В этом смысле события августа 1991-го легко укладываются в цепочки причинностей дальнейшей «исторической поступи». Но вот с октябрем 1993-го все много сложнее. Популярное мнение «справа»: «Пресечение последней попытки реставрации коммунистического режима», даже если оно верно, все равно это только характеристика факта-события в его всего лишь вероятной перспективе. Кто-то, безусловно, таковую перспективу имел в виду. Тот же генерал Макашов, возможно… Но была еще и искренняя боль за судьбу России тысячелетней – я это видел и чувствовал, торча днями и ночами под мятежным балконом.

Само по себе качество чисто политического действа определилось и выявилось поведением его инициаторов. Пощаженные, они так или иначе вписались в ту самую действительность, против каковой восставали, и этим как бы перечеркнули и сам смысл, то есть предположительный фактор-вектор последствий своей вчерашней инициативы. Но возможно ли такое вообще в истории? Ведь тогда следует признать, что Ельцин одержал не только «физическую», но и моральную победу над своими противниками, ибо подлинными противниками его были инициаторы противостояния…

Тогда погибшие – щепки «санитарной рубки»? Есть такое понятие в системе лесного хозяйства. Так в чем же провиденциальный смысл событий октября 1993-го? Единственное, что я могу предположить: мы были свидетелями своеобразного «предупреждения»…

* * *

И тут припомню я один случай из моего лагерного опыта. Что поделаешь, из всех личных опытов лагерный – самый богатый.

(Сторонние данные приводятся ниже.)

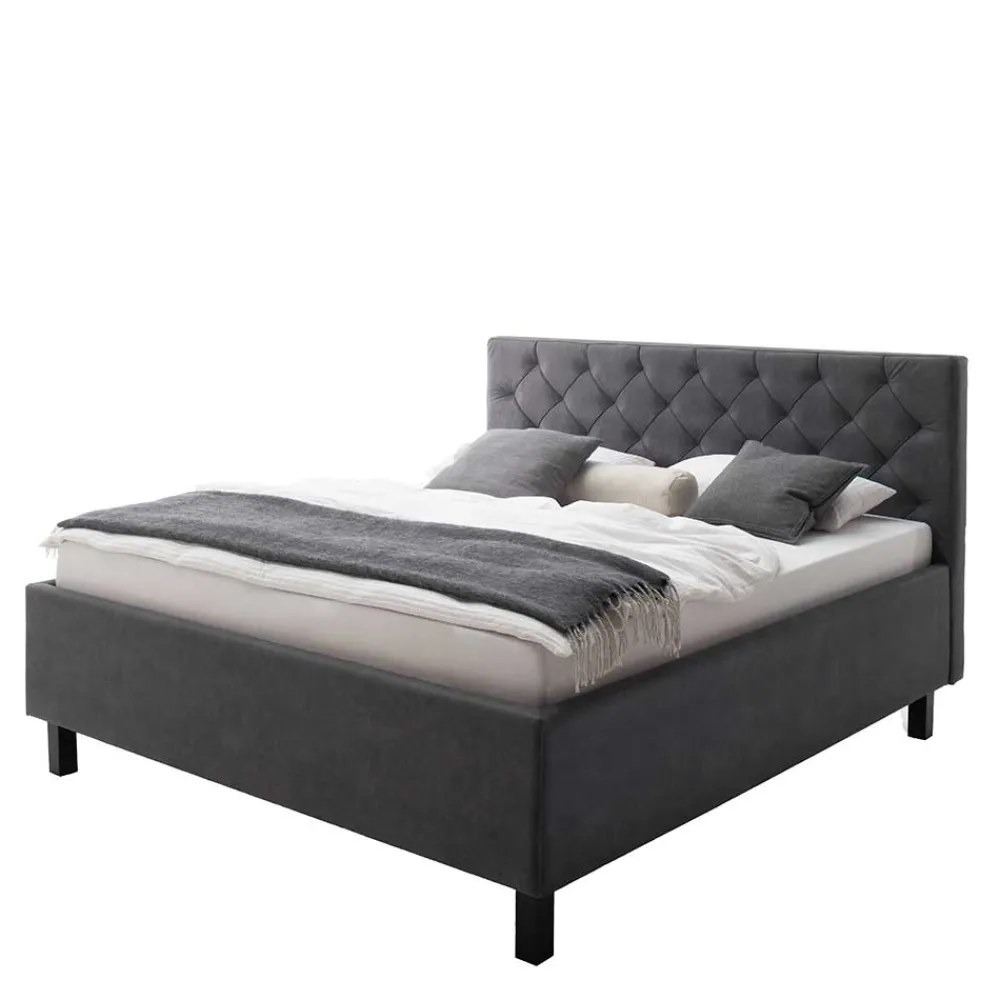 - Hochwertiges Polsterbett in Anthrazit und Schwarz
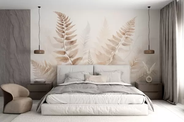 Τοιχογραφίες Αποξηραμένα φύλλα φτέρης με υφή σε διάφορες αποχρώσεις του καφέ, με απαλό, ανοιχτό φόντο σε στυλ ακουαρέλας. Nr. w09615

На семнадцатой зоне в бараке, где я жил, через две койки от меня пребывал старик латыш. Было ему за семьдесят. Говорили, что он чуть ли не последний, кого органы вытащили из бункера в лесу неподалеку от его собственного бывшего хутора аж в шестьдесят втором году. Отравленный газовой гранатой, а после еще дважды простреленный, выжил, следствие суровое перенес, но остался калекой. По новому кодексу осужденный не на четвертак уже, а всего лишь на полтора червонца, дожить до воли он и не помышлял. Освобожденный от работы по немощи, дни и ночи проводил в бараке, днем на стуле близ печки, ночью на шконке на правом боку – никак иначе лежать не мог… Сидел, лежал и спокойно ждал смерти. Лагерный сон не чуток, но от его страшенного храпа со стонами и кашлем люди просыпались. И я в том числе. Просыпались и негуманно проклинали старика-злыдня. Злыдень – потому что ни с кем практически не общался, и лишь косился злобно – так казалось – на всех, в том числе и на своих соплеменников.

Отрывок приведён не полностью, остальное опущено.